According to the G-ODIN paper, both varpsilon and threshold should be tune on only known data

  1. It is true that the perturbation magnitude should be tuned only on known data. This, along with the decomposed confidence head (f(x) = h(x) / g(x) logits) is the main difference between G-ODIN and ODIN. However, this implementation does provide metrics for tuning only on the known data.

    When run, a "true best auc" and a "supposedly best auc" is reported. The "supposedly best auc" is the AUC associated with the perturbation magnitude which yielded the largest value of validation_results. validation_results is simply the average maximum softmax score over the validation set, which consists only of known data (see get_datasets). The maximum softmax score of a data point is also its nominality score S, and so this lines up with how the perturbation magnitude was tuned in the G-ODIN paper (See equation 10 in the paper; the paper maximizes the sum of in-distribution validation scores whereas we maximize the mean, but these two objectives are equivalent).

    The "true best auc" is the actual largest AUC reported across all perturbation magnitudes (with no validation at all; each AUC is computed using the full test set, including both nominals and anomalies). The only reason the "true best auc" is reported at all is to get a feel of how "useful" the validation method is to begin with. If the supposedly best AUC is far lower than the true best AUC, then that means that the validation scores are not perfectly representative of the quality of the perturbation magnitude. In other words, its a metric for measuring how well G-ODIN's known-only hyperparameter tuning actually works.

    So if you're looking to reproduce the paper's results, you should look at the "supposedly best auc" reported.
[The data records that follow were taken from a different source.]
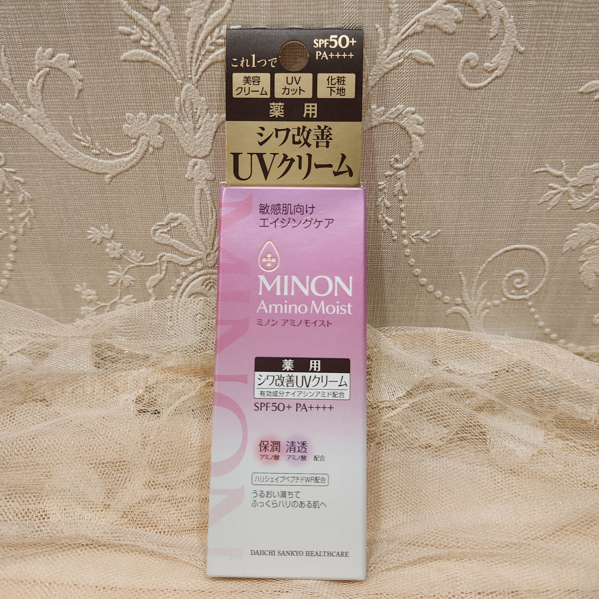 - 【シワ改善もできるUVクリーム】 SPF50+PA++++ シワ改善×UVカットが出来る薬用シワ改善UVクリーム。これ1本で美容クリーム・UVカット・化粧下地の3役。 シワ改善&しみ*予防成分「ナイアシンアミド」、肌あれ予防成分「グリチルリチン酸2K」配合。紫外線吸収剤&酸化亜鉛フリーで敏感肌を考えた処方。自然な輝きを放つ、やわらかなテクスチャーの化粧下地、見る角度で反射色が変わる「艶肌ダブルカラーパウダー」配合で自然な立体感を演出。 エイジングケア:年齢に応じたお手入れケア *メラニンの生成を抑え、しみ・そばかすを防ぐ (販売名:ミノンアミノモイストAU)【医薬部外品】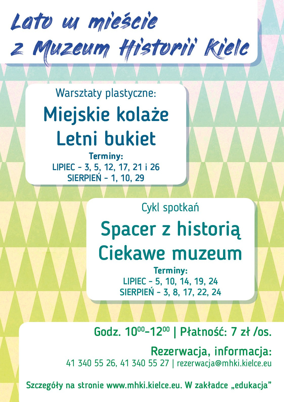 - Ze względu na ograniczoną do 15 osób wielkość grup zajęciowych, prosimy o wcześniejszą rezerwację pod nr tel. 41 340 55 26 , email: rezerwacja@mhki.kielce.eu.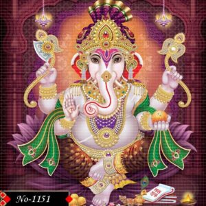 Ganesha is adorned in a rich purple and gold patterned dhoti and a matching ornate crown, seated on a stylized purple lotus. His expression is peaceful and serene, characteristic of devotional art, set against a backdrop of deep purple hues and arched architectural elements. The overall style is intricate and traditional, emphasizing his divine and auspicious presence.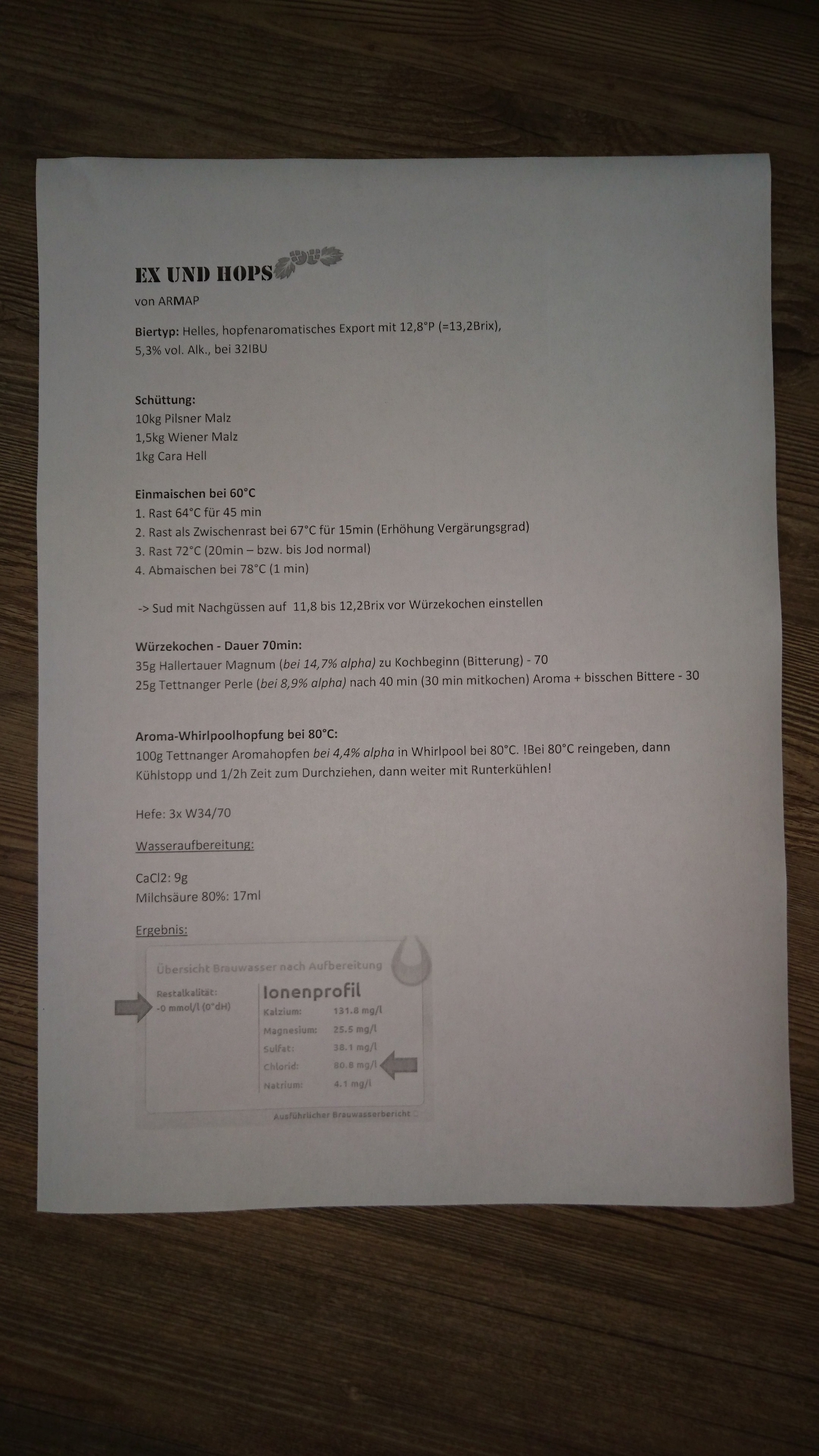 Wasseraufbereitung, die Gabe der Bitter- und Aromahopfung ist wie im Rezept angegeben umgesetzt worden.

  2. What do you mean by the "threshold"? If you mean the threshold over the nominality scores used to make a binary (nominal vs anomaly) decision, then this is not tuned at all in the G-ODIN paper (nor ODIN, nor most other OOD papers). Rather, the choice of threshold is entirely dependent on the nature of the application (See section 2, "Background", of the G-ODIN paper). For this reason, methods like G-ODIN often use AUROC for evaluation and comparison; AUROC is inherently independent of any choice of threshold.